The report cited SMB as one of the most dangerous services for a system to expose. Vulnerabilities in the SMB service were at the heart of the WannaCry and NotPetya attacks, which crippled networks and caused significant outages to critical business processes that cost many companies millions of dollars in lost revenue, the report said.
“UK industry really took it on the chin with WannaCry, which was a big deal in the UK specifically. As a result, UK corporates and internet service providers have really gone out of their way to reduce the use of SMB in the past two years,” said Beardsley.
Telnet exposure creates risks similar to SMB exposure. Telnet services have a history of vulnerabilities and exposures that put organisations at risk of credential theft, passive and active eavesdropping, and remote code execution, the report said.
While a total absence of Telnet and SMB on today’s internet would be ideal, the report said the FTSE 250+ has far less SMB/Telnet exposure, both in absolute and relative terms, than the Fortune 500.
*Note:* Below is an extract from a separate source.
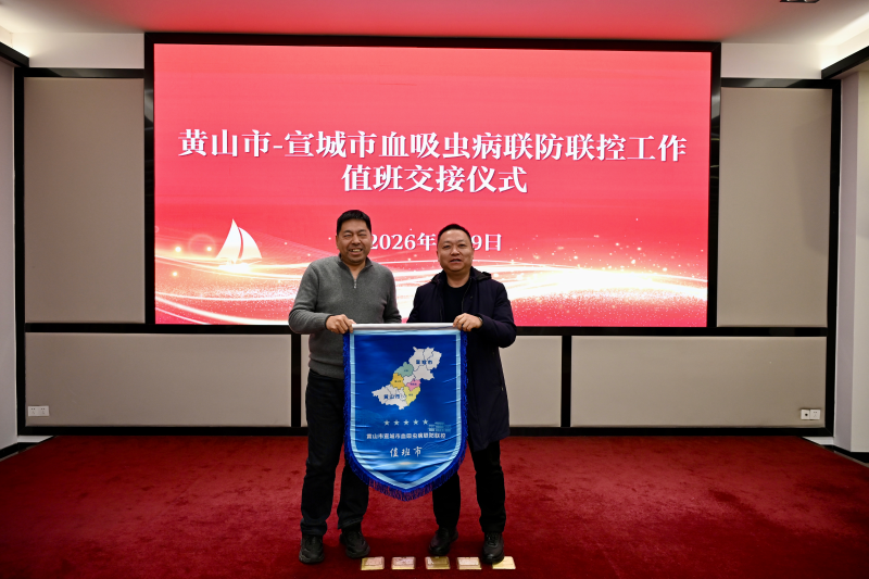 会议举行了2026年度血防联防联控值班市、县旗帜交接仪式。黄山市与宣城市、黄山市与池州市,以及歙县与绩溪县、祁门县与石台县、黄山区与泾县疾控中心之间完成了值班旗帜交接。

Rapid7 recommends the elimination of all public-facing SMB and Telnet. There is no technical or practical justification for running a Telnet service today, the report said. It has been superseded by SSH/TLS, which provides encryption-in-transport and encourages the use of digital certificates when authenticating connections.
The report noted that because the FTSE 250+ organisations typically have substantial resources and access to excellent technical expertise, the findings suggested that the severity of exposure may be greater for the many thousands of organisations smaller than those in the FTSE 250+ group.
“The digital ecosystem could benefit from an ongoing conversation with key stakeholders on the reasons for this continued exposure, along with steps to mitigate the cyber security risks it poses,” the report concluded.